Trump is eager to reopen the economy and resume political campaigning even as coronavirus cases have started to rise again, with record increases reported earlier this week in Oklahoma, Texas, and Oregon.

The rally has been controversial not just because of the virus risk. Originally it was scheduled for Friday — the Juneteenth commemoration of the end of slavery in the US — in a city known for one of the deadliest-ever massacres of African Americans.

The Democratic National Committee earlier postponed the party’s presidential nominating convention in Milwaukee, Wisconsin, to August 17, the week before the Republican Party’s convention, scheduled for August 24 to 27 in Charlotte, North Carolina.

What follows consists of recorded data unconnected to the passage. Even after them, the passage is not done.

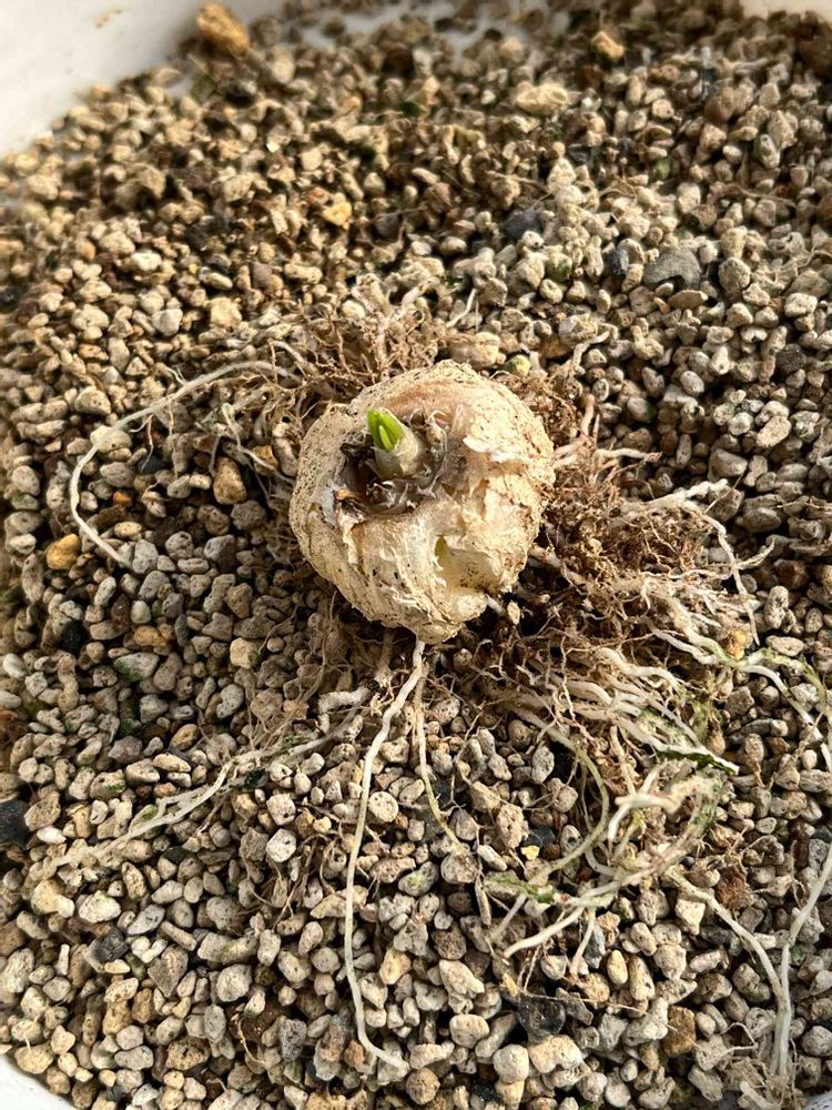 この球根も数年前に欠片みたいになっていたのを諦めきれずに鉢に乗せていて、隣の鉢にかけてる霧吹きのお零れ💧でチンマリと芽🌱を出して今に至るのよ😁
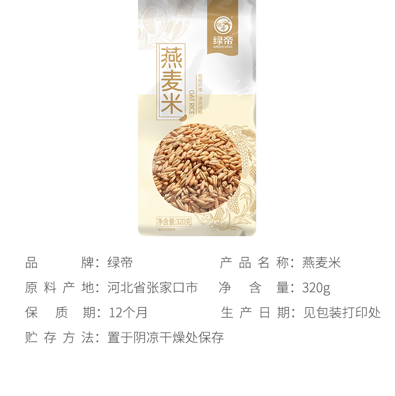 商品名称:(世星阳光)绿帝燕麦米320g*3 五谷杂粮粗粮主食粥米伴侣
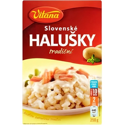 Vitana Slovenské halušky sypká směs 1x250g ZÁKONNÝ NÁZEV POTRAVINY Slovenské halušky 250g SLOŽENÍ Složení suché směsi: pšeničná mouka (LEPEK), sušené brambory 16,2 %, jedlá...
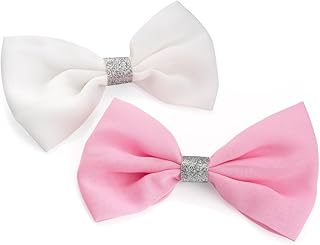 Ein Paar Haarklammern mit Schleife und Glitzer in der Mitte, einmal in Rosa und einmal in Weiß

Earlier, Trump’s re-election campaign had said in a statement that Biden has “had to adopt most of Bernie’s agenda” — policies that Trump has branded socialist.

Racial tensions have roiled the nation following the police killing of a black man, George Floyd, in Minneapolis.

In a series of polls conducted in April, Biden leads Trump in head-to-head general election matchups by an average of 5.9 percent.

The 2020 US presidential election is scheduled for Tuesday, November 3.